Every time we pass that place we see soapy kids, still half-clothed, splashing around and bathing. We see women washing clothes, cars parked to be cleaned, plastic water bottles being rinsed out to be used again, buckets, and even wheel barrows, being filled. Basically anything you can imagine doing with water is being done there.

It’s an unforgettable sight.

 

Man carrying water in a wheel barrel

 

Coming back to Malawi this year I was once again overwhelmed by the sights. I thought that this year would be easier. I thought I would be ok with the “what we see” part of Malawi, but I was wrong. The imagery is still just as powerful as ever. I can’t remember how I dealt with it last year, but maybe that’s all part of the plan.
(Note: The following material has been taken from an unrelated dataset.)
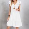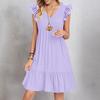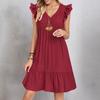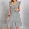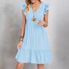 Womens Sleeve Casual V-Neck Pleated Dress Loose Linen Dresses

A few days ago I was surprised by something curious. In the midst of one of these very sights, I stopped for a minute because I sensed a feeling I had felt before. I asked myself, how is it possible that I have joy? Of all the times and places, how is it here and now that I find my heart filled with joy? I think I’m learning that I don’t have to be happy with what I see in order to experience joy.

II Corinthians 6:10 says, “As sorrowful, yet always always rejoicing; as poor, yet making many rich; as having nothing, yet possessing all things.”

Ministering to all aspects of peoples’ lives is the most humbling experience of my life. I certainly don’t have any strength to be here, but the joy of the Lord has become my strength. Everyday we see the poorest people we have ever seen, but joy lets us see these very poor people as possessing all things.

Why I Missed Malawi

malawi travel

I had the chance to greet some people from the church and the Bible college today, and the one question I was asked over and over was, “how was your holiday?” Little do they know that home, the USA, is no holiday, but this, Malawi, is the holiday — if you like your holidays served with a side of running stomach.

One thing I’ve noticed is that people here assume we are escaping from this place when we go home, but that’s not the case at all. Both places have difficulties. The challenge in any place is what you do with the difficulties, but there is certainly no escape.

Other people loved greeting us with just one word, “missing.” That says it all. I find it hard to believe that anyone besides my mother would miss me, but she has to miss me, it’s her job. I think the missing is genuine though, so I’ll accept it and move on.

We missed Malawi, too. Of course, there is so much we didn’t miss. I won’t start my usual list at this point — ok, just one: mosquitos. As I sit here on my wicker couch, one just got me on the big toe. I hate those little things.

Now that I think of it, I didn’t actually miss anything about Malawi. If I’m being honest, I didn’t even want to come back here. I could go on and on about all the things I didn’t miss about this place, but, when I stop to think about it, I can’t think of one thing I did. Maybe real sugar Coke? But, you can get that in the States now.

I guess the interesting thing about the day we live in is that everything is about what I want or don’t want. Well, if that’s the case, I don’t want to live here. But, here I am, of free volition, back in Malawi, and so grateful I’m here in this place I don’t want to be.

A Franciscan Nun named Mary Kerr said this, “To understand the Bible’s use of the word ‘meek,’ we should picture a great stallion at full gallop. At his Master’s voice, he seizes up and comes to an immediate halt. He stands holding his great power in check, listening for the next order.”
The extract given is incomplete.